Living Cheaply

I have to say I was impressed when I saw Steve Jobs demonstrate the iPhone back in January (I didn’t see it in person, but it was impressive even on video). I’m not going to buy an iPhone, though. I’ve grown to appreciate living cheaply.

I don’t want to carry around a $500 gadget on me. What if I get mugged? What if I just leave it somewhere by accident? Do I want to be tied to a Cingular plan again? Nope.

I use a pay-as-you-go cheap-ass phone, an ugly $50 Sandisk player, and a beat-up wallet with little cash in it. My wife and I just donated our car (with most of the proceeeds going to our church), canceled our car insurance (which gave us a refund on the unused portion—if we’d known, we’d have donated our car weeks earlier!), and are going to get rid of our Costco membership, too (can you haul a huge bag of toilet paper out without a car?).

Living cheaply is great. I used to be fascinated by new things, shiny things. Okay. I’ll admit it. I still am. But I’m learning to appreciate old stuff. I drool over the new Dell Ubuntu computers , but I know I’m not going to be buying one any time soon. My current Dell (Inspiron 500m) from four or five years ago is still alive and kicking and runs Ubuntu perfectly “out of the box” (wireless, suspend, etc. all working without extra configuration). And, since I’m an email/ pictures/ music/ web guy, I don’t really need a dual-core processor or 2 GB of RAM.

Every now and then I’ll indulge myself in something new (and shiny), but I’m trying to look on the bright side of the cheap side of life, and it’s not looking too difficult to do so these days.


  1. Its true, money doesn’t buy happiness, only more stress. The feeling of accomplishment of doing something you didn’t think you could do, or just finishing something can make a guy feel great.

    Great job ubuntucat

  2. I agree. Living cheap makes you appreciate the things you already have. And after a while those expensive new toys are just not worth it at the end.

  3. I admire you on this matter. Sometimes we forget that we don’t need a lot of things, a lot of luxuries that is totally unused.

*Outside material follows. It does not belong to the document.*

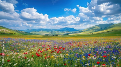 A rolling countryside dotted with vibrant wildflowers and fields stretching into the distance.

  4. I just buy a new computer with E6320 and intel P35 chipset:( And I really agree to your opinion! By the way, it’s terrible to use ubuntu without ethernet…

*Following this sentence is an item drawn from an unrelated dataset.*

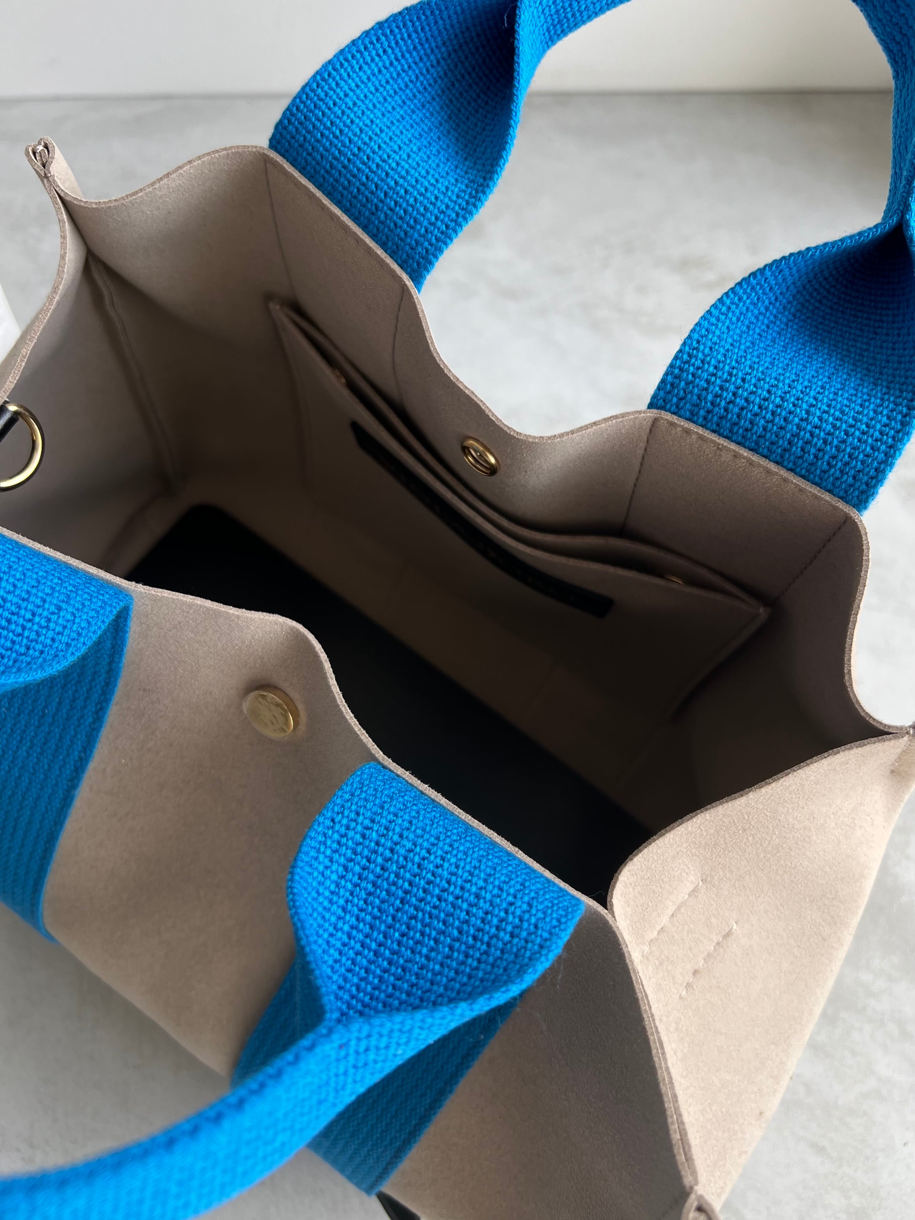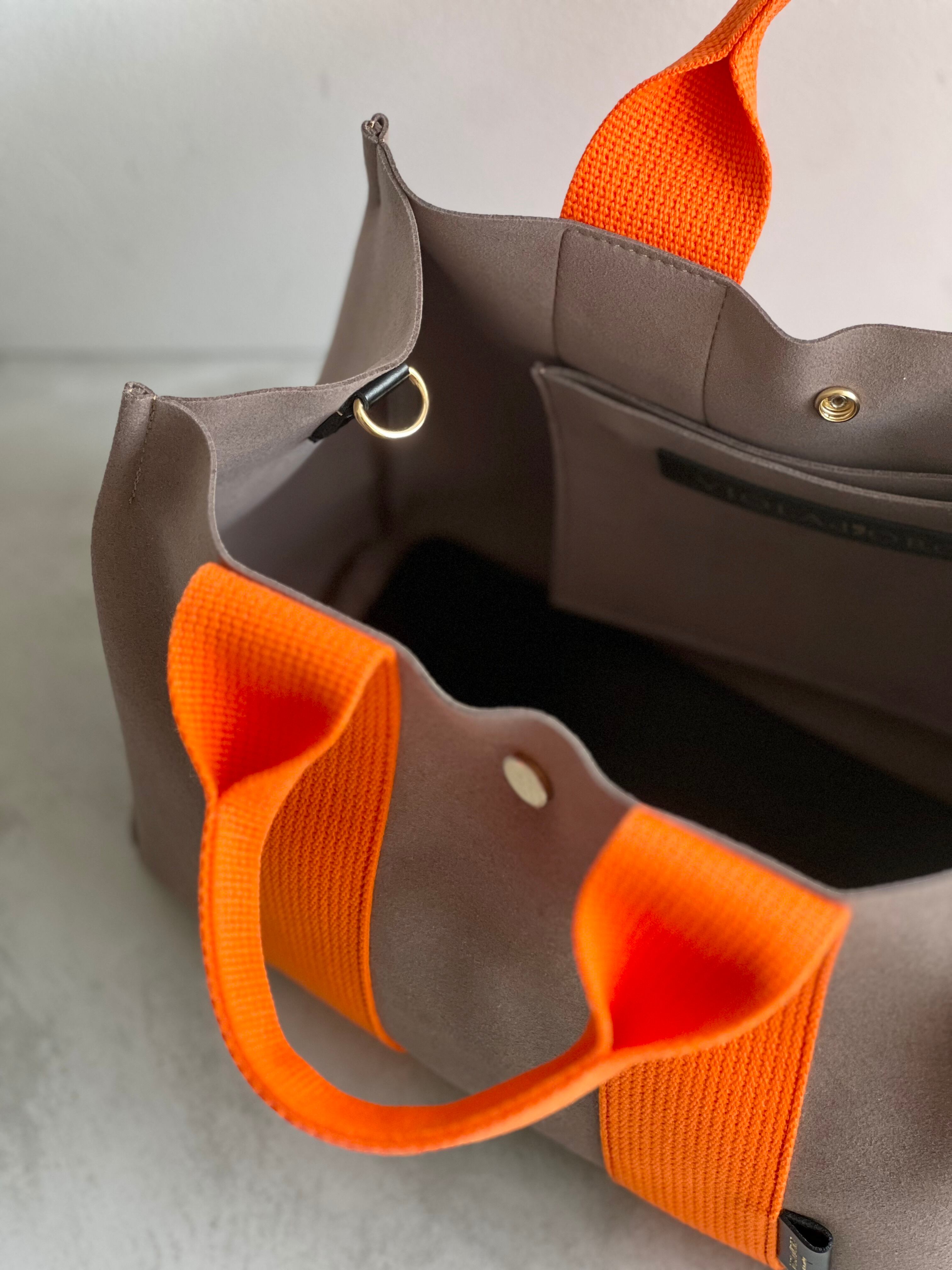 スエード調のハイテク素材を使用したトートバッグのMサイズ。

  5. I think one positive side-effect is that you free yourself from the shackles of our consumerist societies. Do we really need all the products and gadgets that are advertised on a daily basis? By redefining our priorities in life we can also free up some time to think about the more serious questions, and/or enjoy life to a fuller extent.

  6. Admirable goal, but I don’t think I’m strong enough to do that. I hate capitalism as much as you do, but I can’t work for my money and then horde it away. I have a decent job, and so does my wife. We work, save money, and spend a budgeted amount on shiny new things. It might not be necessary, but it’s fun. And without fun, what else is there?

  7. Well, I don’t want to give people the impression that I am some super-frugal person in every respect. My wife and I still have fun, and we still do occasionally buy something shiny and new. It’s a goal, and we’re in the process of implementing it. We haven’t yet achieved it fully.

  8. Who’s glad they didn’t buy a $500 i-Phone? Me! :)
    What?..out a little over a week and already vulnerabilities are found!